В окна пыльными золотисто-голубоватыми снопами лилось солнце, пахло табачным дымом, между скамейками ходили пассажиры, за окном звучно, бодро гудели поезда. Ленька сладко потянулся и вышел на перрон. Молодой сон крепок и освежающ; хоть и немного отдохнул Ленька, но чувствовал себя так, словно за спиной совсем не было тяжелой, беспокой" ной ночи. Только отнятых денег было жалко.
Оставаться на этой проклятой станции нельзя, пропадешь. Чего бы ни стоило, а надо ехать дальше. Пора продать материн полушалок. Конечно, горько с ним расставаться, да разве не для этого брал он его из дома? На вырученные деньги Ленька купит билет на один пролет, как собирался сделать еще в Нахичевани-Ростовской, заберется в пассажирский вагон, а там спрячется под лавку и постарается проехать возможно больше. Иначе ему век не добраться до Москвы. Ну, а остаток денег пойдет на хлеб.
По дороге, ведущей через пустырь, Ленька отправился в поселок.

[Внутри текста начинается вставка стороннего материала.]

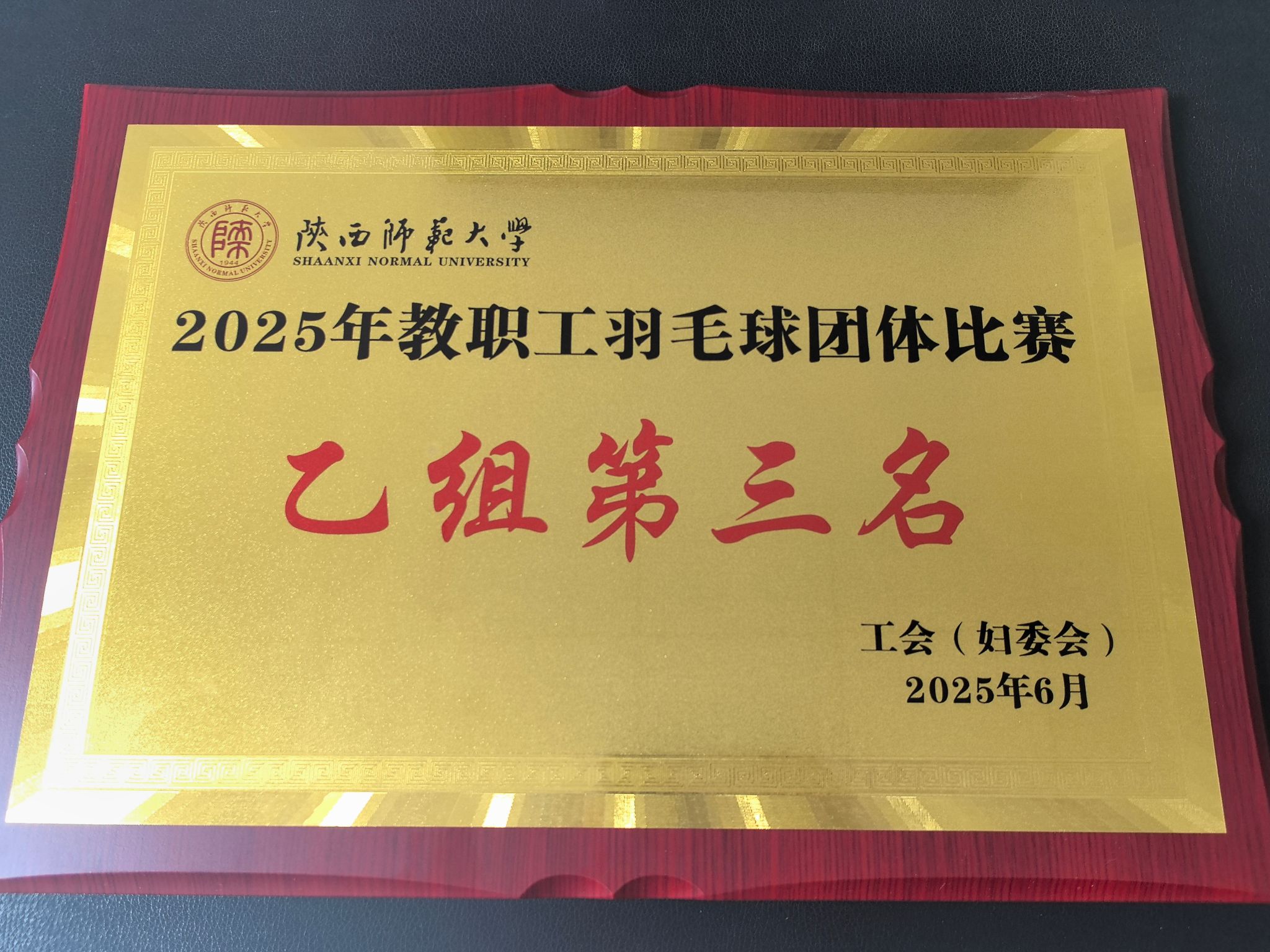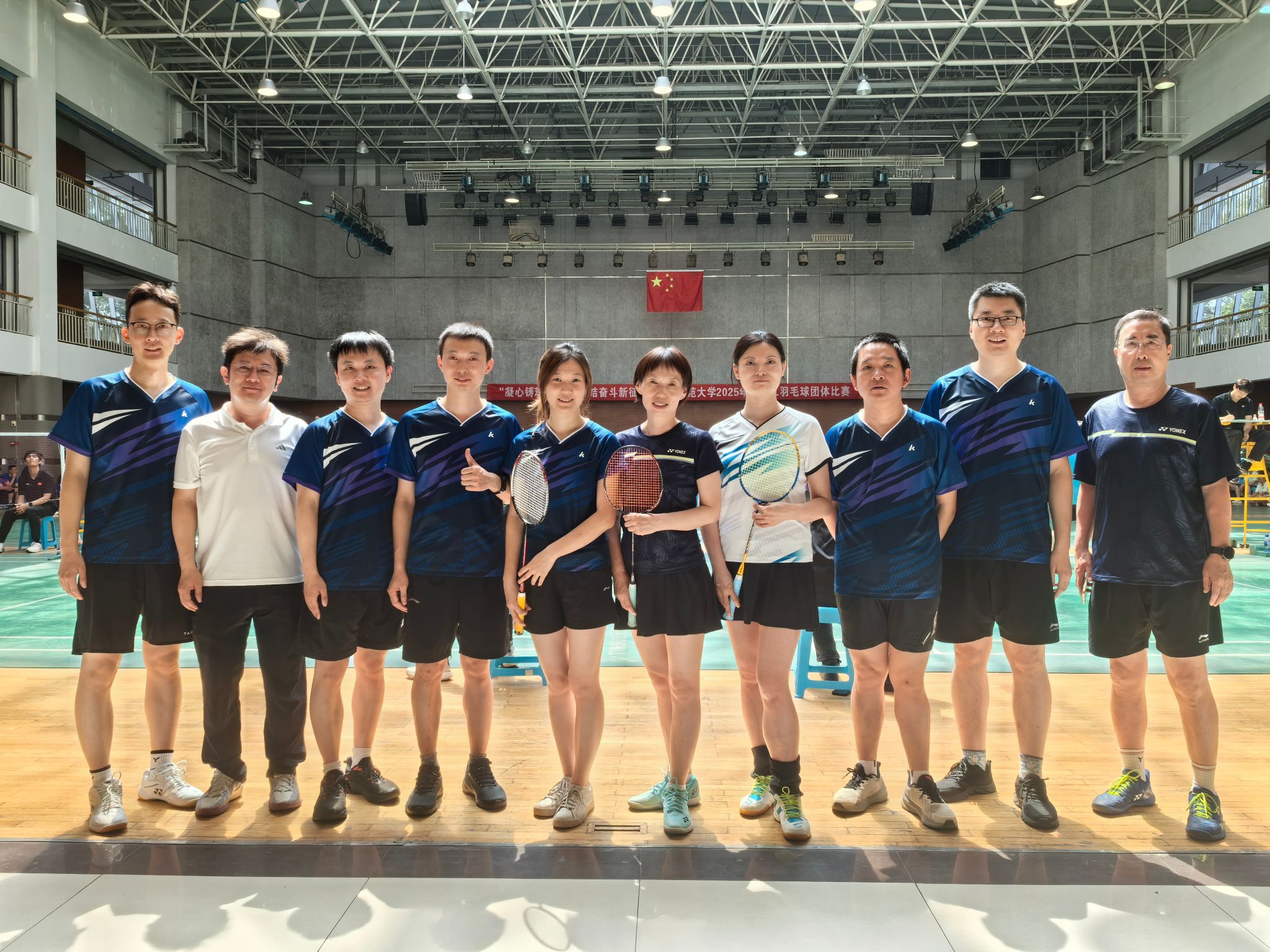 6月15日,英国365集团公司组织教职工参加“凝心铸魂跟党走 团结奋斗新征程”陕西师范大学2025年教职工羽毛球团体比赛,比赛在雁塔校区综合体育馆举行。英国365集团公司教工羽毛球队由老中青各年龄段教师组成,他们在比赛中沉着应战、默契配合,以精湛的球技和顽强的斗志展现出积极向上的精神态度,在小组循环赛中以第一名出线。在随后的淘汰赛中,接连战胜材料科学与工程学院代表队、物理学与信息技术学院代表队,荣获乙组第三名。

Роса еще не обсохла, и прибитая пыль казалась зернистой. В тени трава густо блестела тусклыми, ртутными каплями. Теплые солнечные лучи щекотали шею Леньки, щеки, заставляли щуриться. Пролетела красная божья коровка. Ой, какой мир большой, сколько в нем свету, блеску! Звонили в церкви, бабы доставали из колодцев воду, у плетней, в отросшей лебеде, дрались маленькие петушки.

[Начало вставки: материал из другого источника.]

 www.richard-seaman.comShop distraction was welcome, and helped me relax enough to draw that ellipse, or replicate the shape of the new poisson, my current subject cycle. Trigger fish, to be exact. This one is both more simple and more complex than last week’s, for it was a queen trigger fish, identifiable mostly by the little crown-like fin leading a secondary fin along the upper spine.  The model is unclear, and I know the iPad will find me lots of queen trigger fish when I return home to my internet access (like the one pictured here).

На подходе к базару Ленька нашел увесистую гайку, спрятал в карман – «на счастье». Вскоре ему стали попадаться разбитные мужчины, одетые с дешевым щегольством, женщины, как бы бесцельно прогуливающиеся по дороге; все они зорко обшаривали его глазами, словно желая разглядеть, не несет ли он чего? Затем равнодушно отворачивались, встречали следующих пешеходов. «Мануфактуры нету? Могу по дешевке устроить хром на сапоги». Коротко подстриженная развязная бабенка в накинутом на плечи шелковом платочке негромко, пытливо спросила Леньку:
– Продаешь чего, милок?
Ленька не вынимал из-за пазухи полушалок. Он покраснел, нерешительно замялся. Он еще в Ростове слышал, да и видел сам, что перед базаром всегда шныряют перекупщики. Они налетают на людей, выносящих продавать свои вещи, суют им полцены, а потом тут же, на толкучем рынке, перепродают втридорога.
– Может… нашел что… в каком чемодане? – подмигнула Леньке развязная бабенка. – Не бойся, отойдем в сторонку, я погляжу.
Показать ей материн полушалок? А то и дутые золотые серьги? Мало, наверно, даст. Зато хоть цену узнаешь. Неловко, стыдно почему-то вынимать свои вещи. Стоит ли?
На дороге показалась женщина с перекинутым через плечо стеганым одеялом. Стриженая бабенка сразу, бросив Леньку, поспешила ей навстречу. Откуда-то на женщину налетело еще двое мужчин. Спекулянты рвали друг у друга ее одеяло, отрывисто назначали цену, один уже вытащил из кармана бумажник. Испуганная женщина, сперва было обрадовавшаяся покупателям, ходила за ними с протянутыми руками и не могла получить обратно свое одеяло.
«Эх, упустил момент, – томясь, подумал Ленька. – Мог бы продать: полушалок у меня хороший. Ну, да ладно. Спекулянты все равно настоящую цену не дадут. Те, кому его носить, больше отвалят».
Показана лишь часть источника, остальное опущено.